START Data for processing
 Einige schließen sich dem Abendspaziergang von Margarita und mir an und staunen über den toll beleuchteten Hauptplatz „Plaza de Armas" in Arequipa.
END Data for processing
START Data for processing
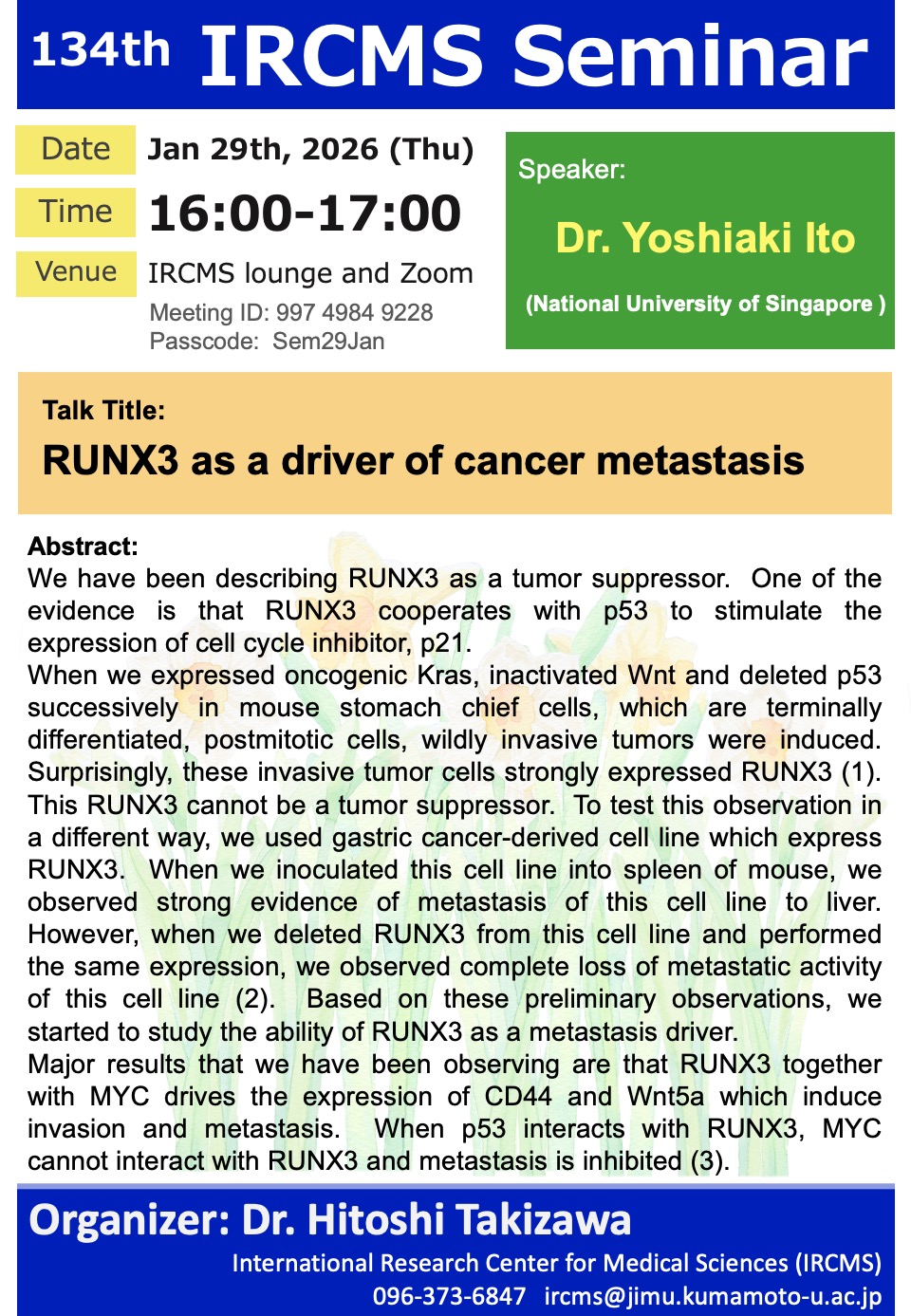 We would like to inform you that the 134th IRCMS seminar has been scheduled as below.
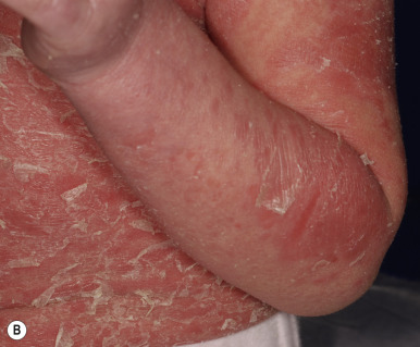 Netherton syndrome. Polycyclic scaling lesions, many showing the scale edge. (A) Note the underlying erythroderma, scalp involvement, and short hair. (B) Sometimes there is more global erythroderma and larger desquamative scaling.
END Data for processing
• _Task description_
Word for word, restate the lines above from the one with "We would like" through the one with "Netherton syndrome. Polycyclic", keeping both ends and dropping the pictures.

• _Response area_
 We would like to inform you that the 134th IRCMS seminar has been scheduled as below.
 Netherton syndrome. Polycyclic scaling lesions, many showing the scale edge. (A) Note the underlying erythroderma, scalp involvement, and short hair. (B) Sometimes there is more global erythroderma and larger desquamative scaling.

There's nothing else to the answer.